INSTRUCTIONS FOR THE TASK
Using the listing below, print the line containing "Every detail of", the line containing "建築風格融合嶺南特色與現代設", and each line between them, exactly and nothing else. Pictures stay out of the print.

RECORDS SUPPLIED
++++++++++

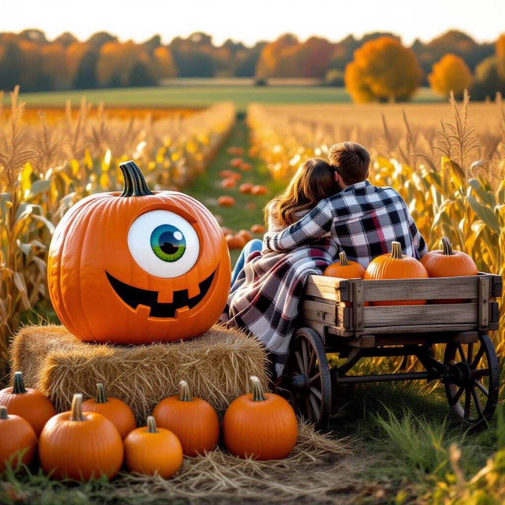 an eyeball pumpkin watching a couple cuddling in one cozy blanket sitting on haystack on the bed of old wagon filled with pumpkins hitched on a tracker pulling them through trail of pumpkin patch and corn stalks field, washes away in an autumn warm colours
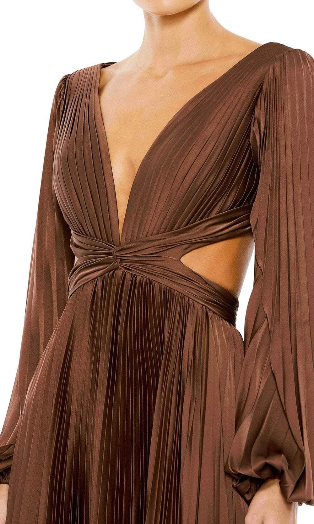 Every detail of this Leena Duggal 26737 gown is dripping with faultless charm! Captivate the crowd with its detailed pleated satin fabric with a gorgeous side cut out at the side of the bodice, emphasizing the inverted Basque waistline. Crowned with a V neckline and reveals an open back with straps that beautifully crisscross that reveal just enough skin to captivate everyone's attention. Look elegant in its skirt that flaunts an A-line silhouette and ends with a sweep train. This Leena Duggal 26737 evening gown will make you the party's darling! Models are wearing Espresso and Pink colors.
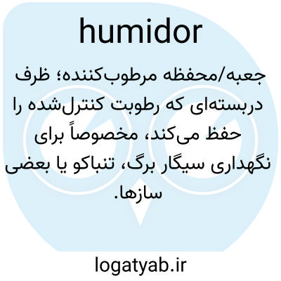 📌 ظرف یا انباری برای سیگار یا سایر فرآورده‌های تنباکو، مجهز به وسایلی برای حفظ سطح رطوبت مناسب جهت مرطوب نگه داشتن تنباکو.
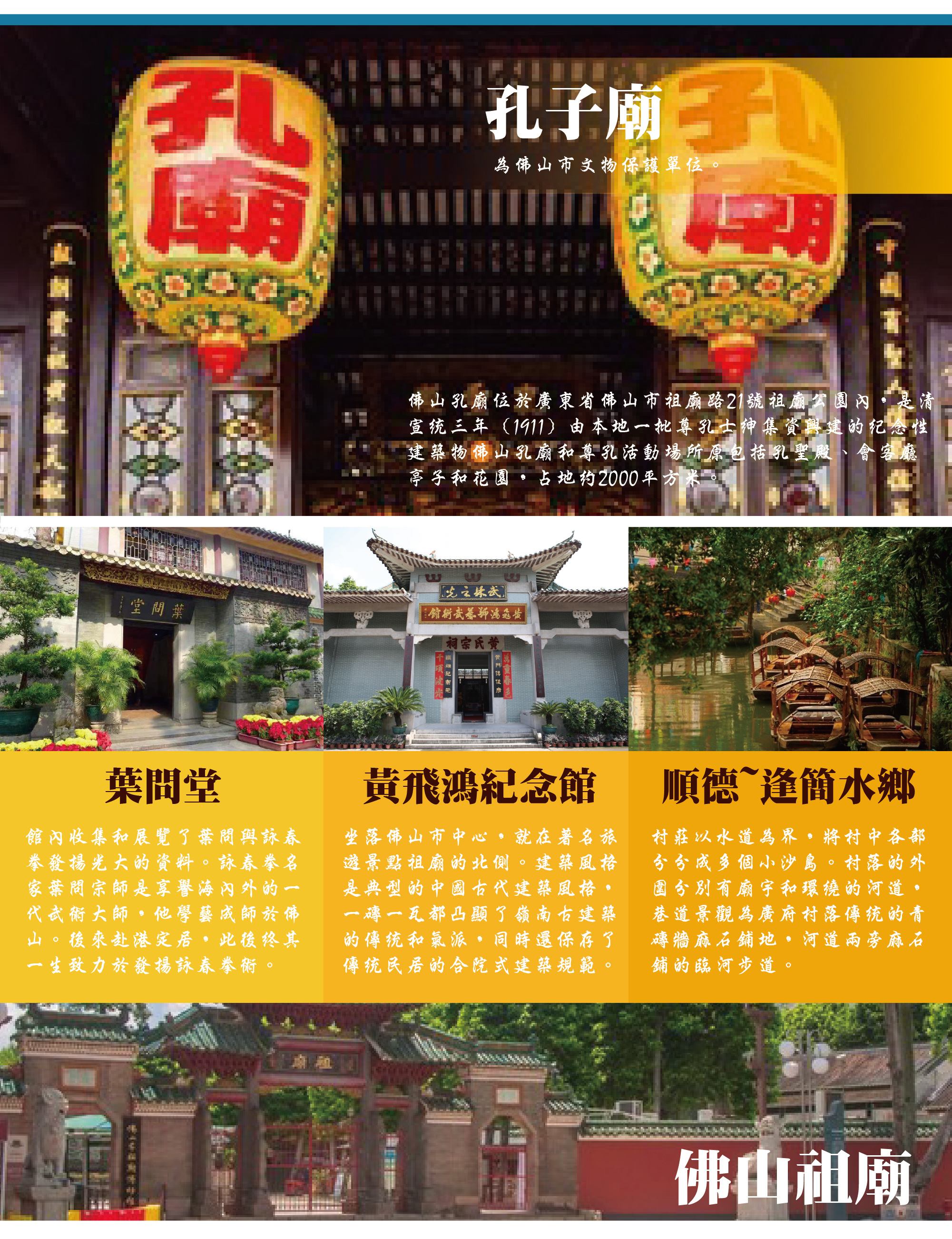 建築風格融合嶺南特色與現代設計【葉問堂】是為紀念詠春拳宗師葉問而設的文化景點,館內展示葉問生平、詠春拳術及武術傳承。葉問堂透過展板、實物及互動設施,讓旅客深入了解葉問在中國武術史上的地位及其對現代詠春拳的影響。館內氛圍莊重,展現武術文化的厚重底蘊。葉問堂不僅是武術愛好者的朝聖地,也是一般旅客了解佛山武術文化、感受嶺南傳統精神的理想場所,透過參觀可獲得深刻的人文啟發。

++++++++++

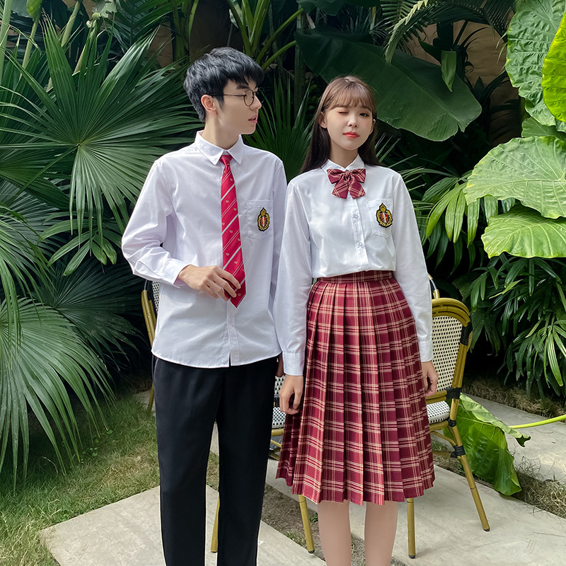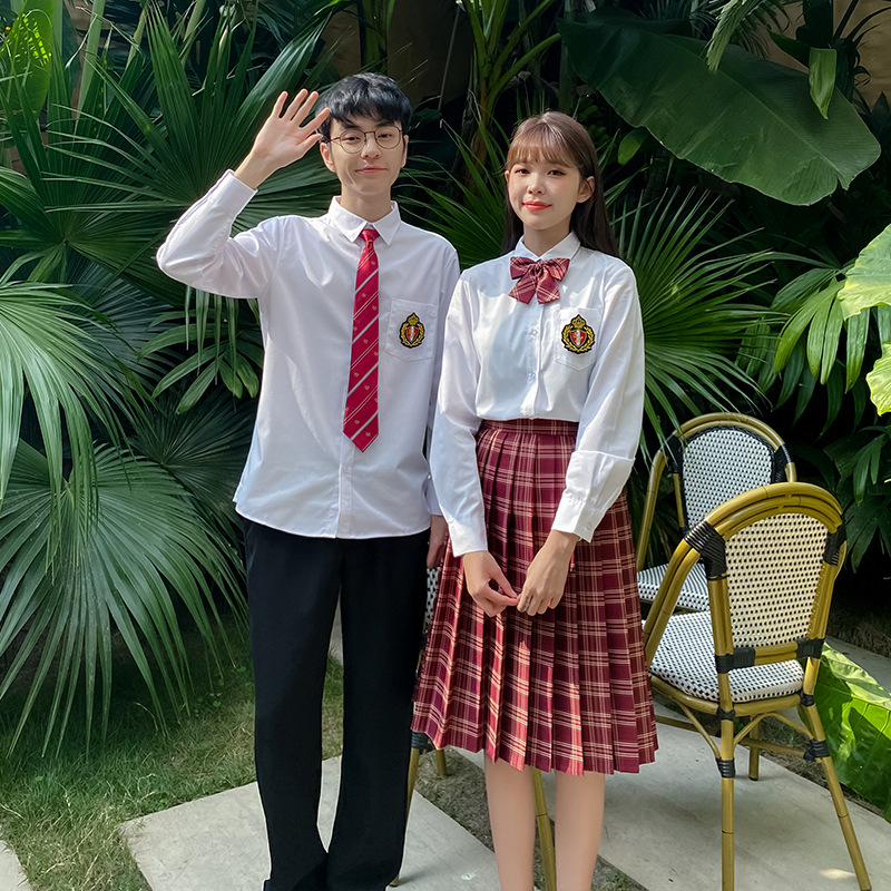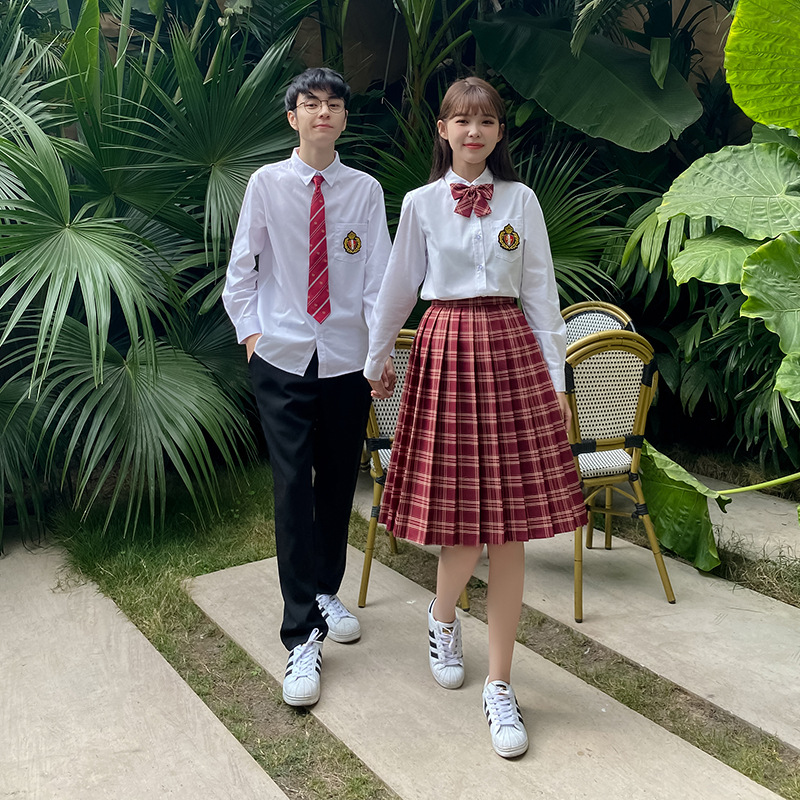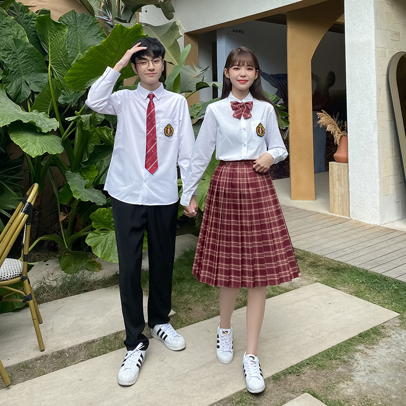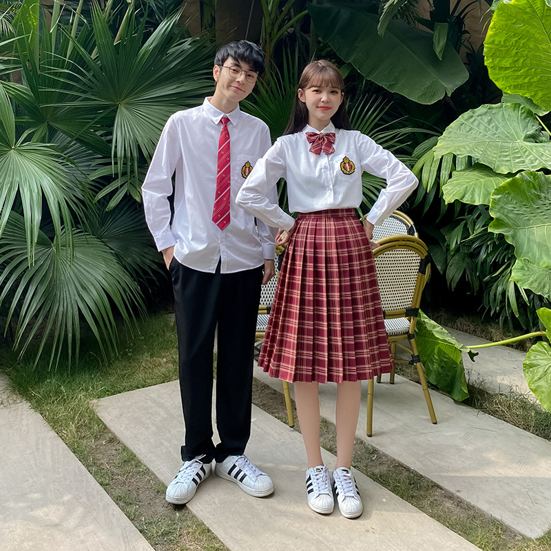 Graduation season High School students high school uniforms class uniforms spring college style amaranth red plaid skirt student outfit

++++++++++

RESPONSE TO THIS TASK
 Every detail of this Leena Duggal 26737 gown is dripping with faultless charm! Captivate the crowd with its detailed pleated satin fabric with a gorgeous side cut out at the side of the bodice, emphasizing the inverted Basque waistline. Crowned with a V neckline and reveals an open back with straps that beautifully crisscross that reveal just enough skin to captivate everyone's attention. Look elegant in its skirt that flaunts an A-line silhouette and ends with a sweep train. This Leena Duggal 26737 evening gown will make you the party's darling! Models are wearing Espresso and Pink colors.
 📌 ظرف یا انباری برای سیگار یا سایر فرآورده‌های تنباکو، مجهز به وسایلی برای حفظ سطح رطوبت مناسب جهت مرطوب نگه داشتن تنباکو.
 建築風格融合嶺南特色與現代設計【葉問堂】是為紀念詠春拳宗師葉問而設的文化景點,館內展示葉問生平、詠春拳術及武術傳承。葉問堂透過展板、實物及互動設施,讓旅客深入了解葉問在中國武術史上的地位及其對現代詠春拳的影響。館內氛圍莊重,展現武術文化的厚重底蘊。葉問堂不僅是武術愛好者的朝聖地,也是一般旅客了解佛山武術文化、感受嶺南傳統精神的理想場所,透過參觀可獲得深刻的人文啟發。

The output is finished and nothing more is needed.